## REQUIREMENT:
Write out nothing except the lines of the entries below, from the first through the one containing "This is a pair", exactly and without pictures.

START MATERIAL FOR THE TASK

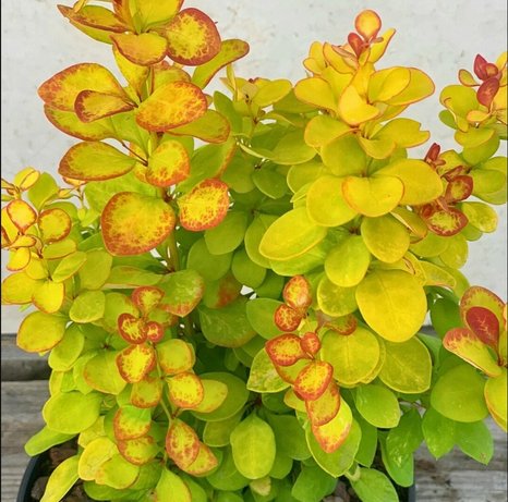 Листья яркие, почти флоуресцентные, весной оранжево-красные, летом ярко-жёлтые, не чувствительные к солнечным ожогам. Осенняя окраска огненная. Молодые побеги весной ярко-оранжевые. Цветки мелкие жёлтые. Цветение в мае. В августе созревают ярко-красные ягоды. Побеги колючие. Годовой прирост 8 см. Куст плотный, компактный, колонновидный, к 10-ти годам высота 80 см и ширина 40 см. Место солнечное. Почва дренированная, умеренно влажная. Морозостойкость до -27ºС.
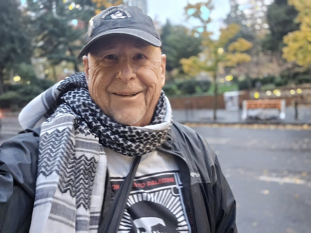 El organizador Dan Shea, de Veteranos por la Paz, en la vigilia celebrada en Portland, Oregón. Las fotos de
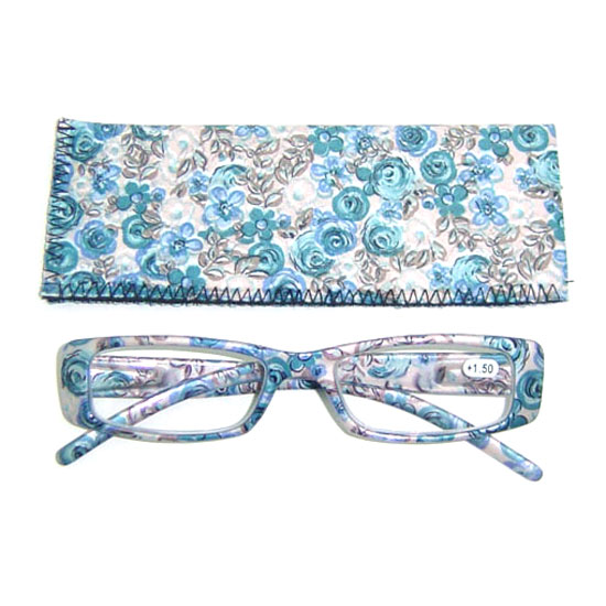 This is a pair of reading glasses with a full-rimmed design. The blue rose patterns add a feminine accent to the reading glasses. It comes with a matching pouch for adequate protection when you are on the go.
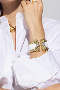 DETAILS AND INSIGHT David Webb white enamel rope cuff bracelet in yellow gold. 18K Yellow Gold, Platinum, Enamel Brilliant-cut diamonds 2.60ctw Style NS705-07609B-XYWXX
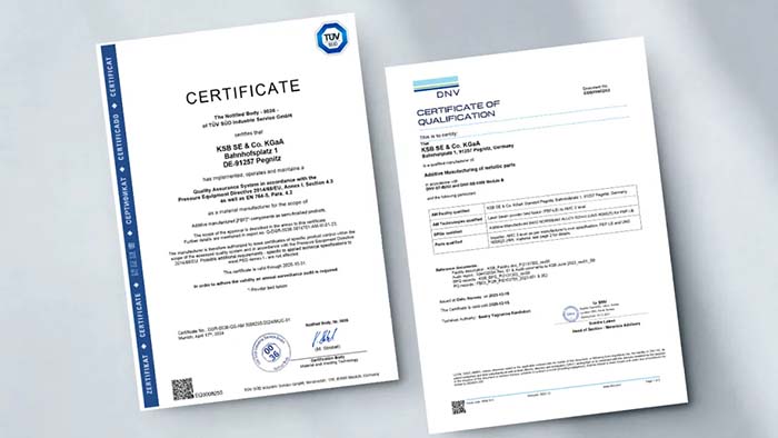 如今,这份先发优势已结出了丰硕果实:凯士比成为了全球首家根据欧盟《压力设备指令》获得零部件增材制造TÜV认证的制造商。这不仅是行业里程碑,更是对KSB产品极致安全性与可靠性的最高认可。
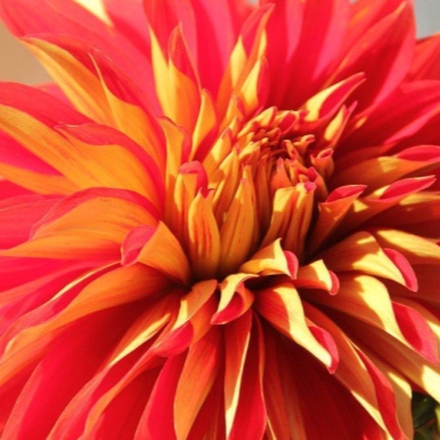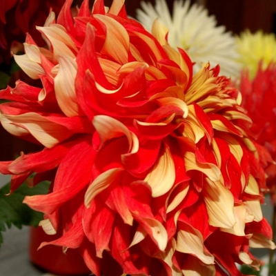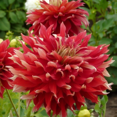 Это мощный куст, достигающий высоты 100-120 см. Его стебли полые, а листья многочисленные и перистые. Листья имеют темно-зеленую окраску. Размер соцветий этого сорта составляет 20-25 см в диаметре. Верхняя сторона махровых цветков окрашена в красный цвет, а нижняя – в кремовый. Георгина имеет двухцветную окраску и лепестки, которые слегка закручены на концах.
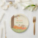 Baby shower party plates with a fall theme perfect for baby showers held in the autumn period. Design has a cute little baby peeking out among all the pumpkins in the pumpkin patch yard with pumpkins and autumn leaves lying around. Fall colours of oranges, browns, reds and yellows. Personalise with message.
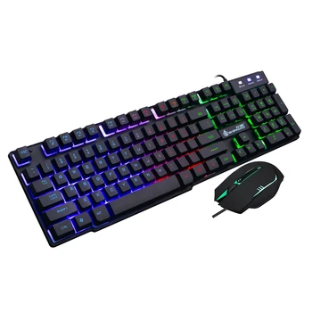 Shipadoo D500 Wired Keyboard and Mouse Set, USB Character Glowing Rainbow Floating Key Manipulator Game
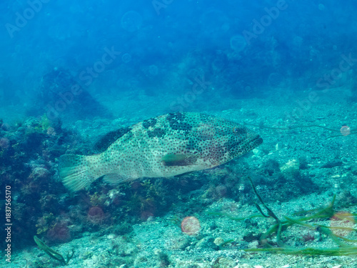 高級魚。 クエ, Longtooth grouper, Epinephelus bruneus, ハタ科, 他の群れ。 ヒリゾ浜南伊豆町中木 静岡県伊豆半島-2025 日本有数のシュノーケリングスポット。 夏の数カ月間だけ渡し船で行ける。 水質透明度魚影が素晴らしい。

END MATERIAL FOR THE TASK

## PROBLEM SOLUTION:
 Листья яркие, почти флоуресцентные, весной оранжево-красные, летом ярко-жёлтые, не чувствительные к солнечным ожогам. Осенняя окраска огненная. Молодые побеги весной ярко-оранжевые. Цветки мелкие жёлтые. Цветение в мае. В августе созревают ярко-красные ягоды. Побеги колючие. Годовой прирост 8 см. Куст плотный, компактный, колонновидный, к 10-ти годам высота 80 см и ширина 40 см. Место солнечное. Почва дренированная, умеренно влажная. Морозостойкость до -27ºС.
 El organizador Dan Shea, de Veteranos por la Paz, en la vigilia celebrada en Portland, Oregón. Las fotos de
 This is a pair of reading glasses with a full-rimmed design. The blue rose patterns add a feminine accent to the reading glasses. It comes with a matching pouch for adequate protection when you are on the go.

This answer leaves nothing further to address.